-------- The data
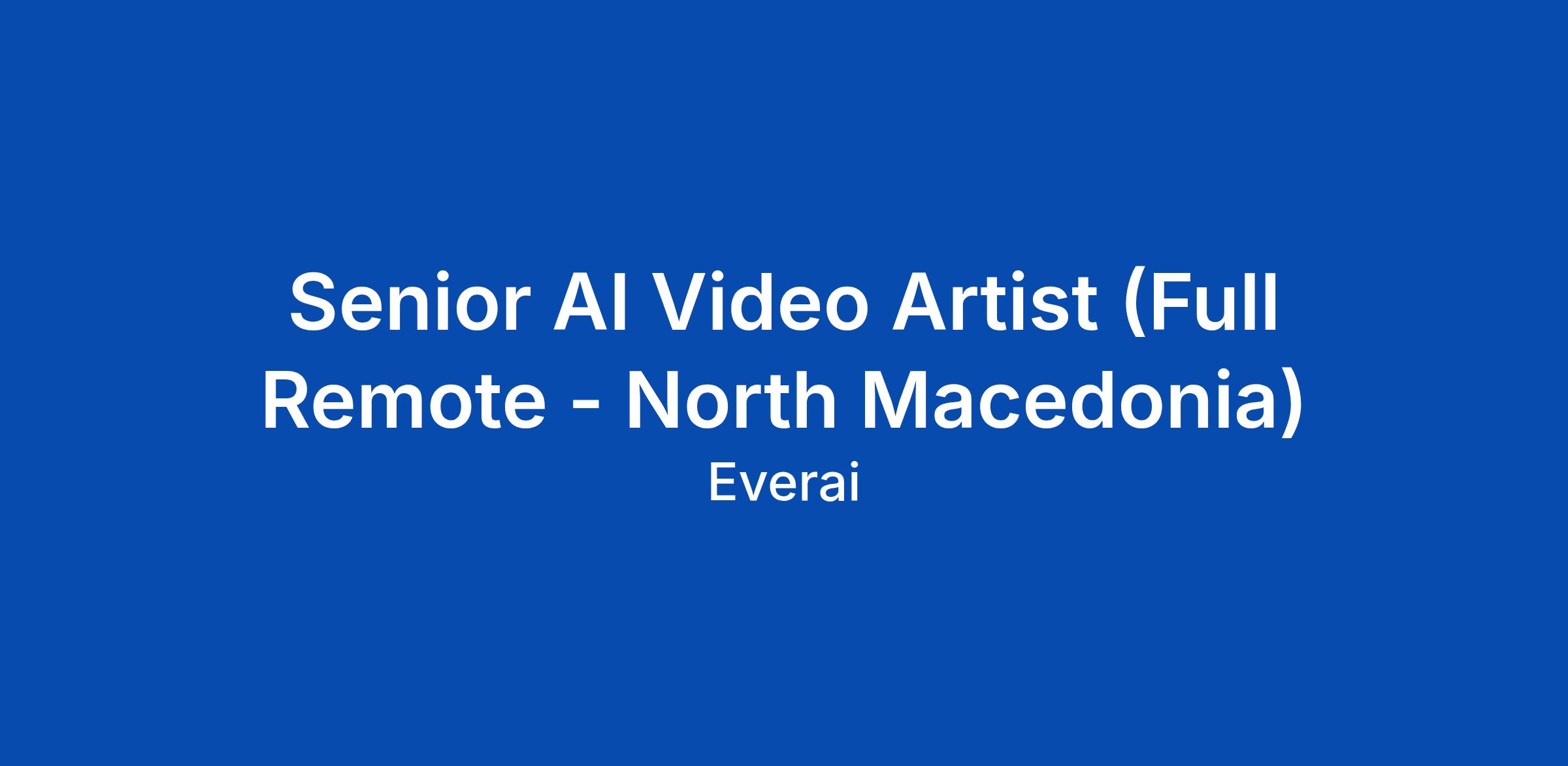Senior AI Video Artist (Full Remote - North Macedonia)
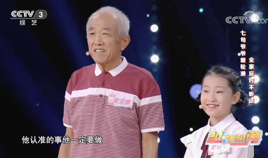11月2日晚,在央视综艺频道圆梦类节目《越战越勇》的舞台上,75岁的史之田和10岁的小孙女史立平一起组成了“轮滑祖孙”组合。他们向观众展示了俯身速滑、原地旋转、交叉炫步等花样轮滑。史之田在台上辗转腾挪,完全看不出已过古稀之年。
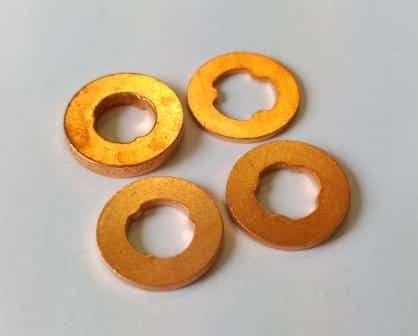 Fabricamos 4 medidas de arandelas dentadas en cobre recocido para inyectores de diesel:7x8x16x2.5mm con 3 dientes.7x9x15x1mm con 3 dientes.7x8x15x1.5mm con 3 o con 4 dientes. Consultenos por cantidad y medida.
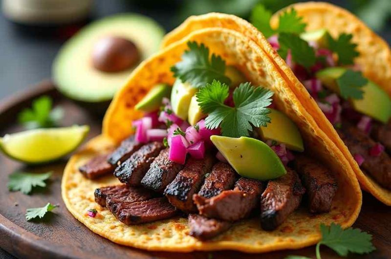 - Assemble tacos with sliced steak and avocado salsa.
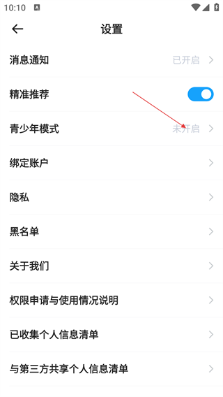 3、在设置页,点击【青少年模式】选项,进入青少年模式说明页面。
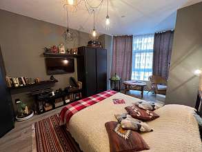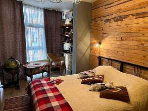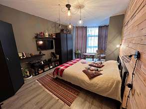 - Основная спальня с витражным остеклением, одна стена обшита натуральным деревом, стиль лофт, освещение и розетки в стиле лофт, можно зонировать ширмой
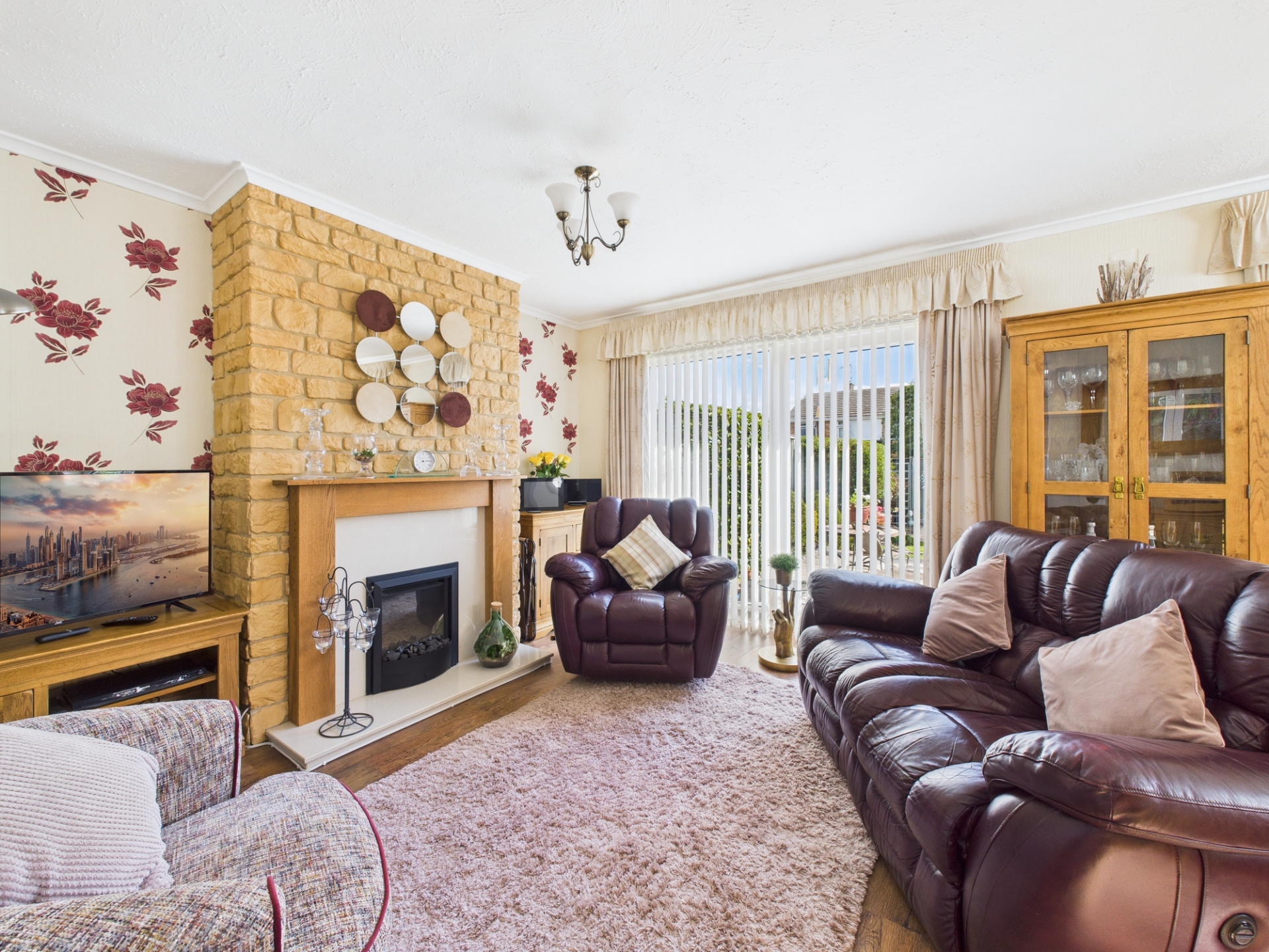Double glazed patio doors leading to garden. Double glazed window to side elevation. Two radiators. Chimney breast. Feature fireplace. Wood laminate flooring.
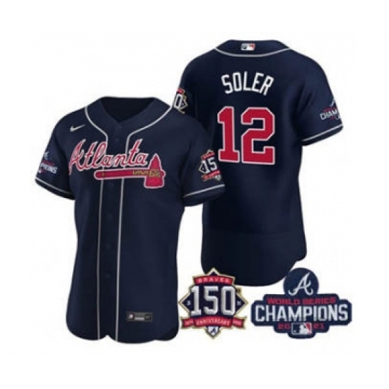 Men's Atlanta Braves #12 Jorge Soler 2021 Navy World Series Champions With 150th Anniversary Flex Base Stitched Jersey
----------------
**How to complete this task:** Once the line containing "Fabricamos 4 medidas" is found in the records above, it and every line after it up to the last must be repeated exactly, without pictures.

**Answer box:**
 Fabricamos 4 medidas de arandelas dentadas en cobre recocido para inyectores de diesel:7x8x16x2.5mm con 3 dientes.7x9x15x1mm con 3 dientes.7x8x15x1.5mm con 3 o con 4 dientes. Consultenos por cantidad y medida.
 - Assemble tacos with sliced steak and avocado salsa.
 3、在设置页,点击【青少年模式】选项,进入青少年模式说明页面。
 - Основная спальня с витражным остеклением, одна стена обшита натуральным деревом, стиль лофт, освещение и розетки в стиле лофт, можно зонировать ширмой
Double glazed patio doors leading to garden. Double glazed window to side elevation. Two radiators. Chimney breast. Feature fireplace. Wood laminate flooring.
 Men's Atlanta Braves #12 Jorge Soler 2021 Navy World Series Champions With 150th Anniversary Flex Base Stitched Jersey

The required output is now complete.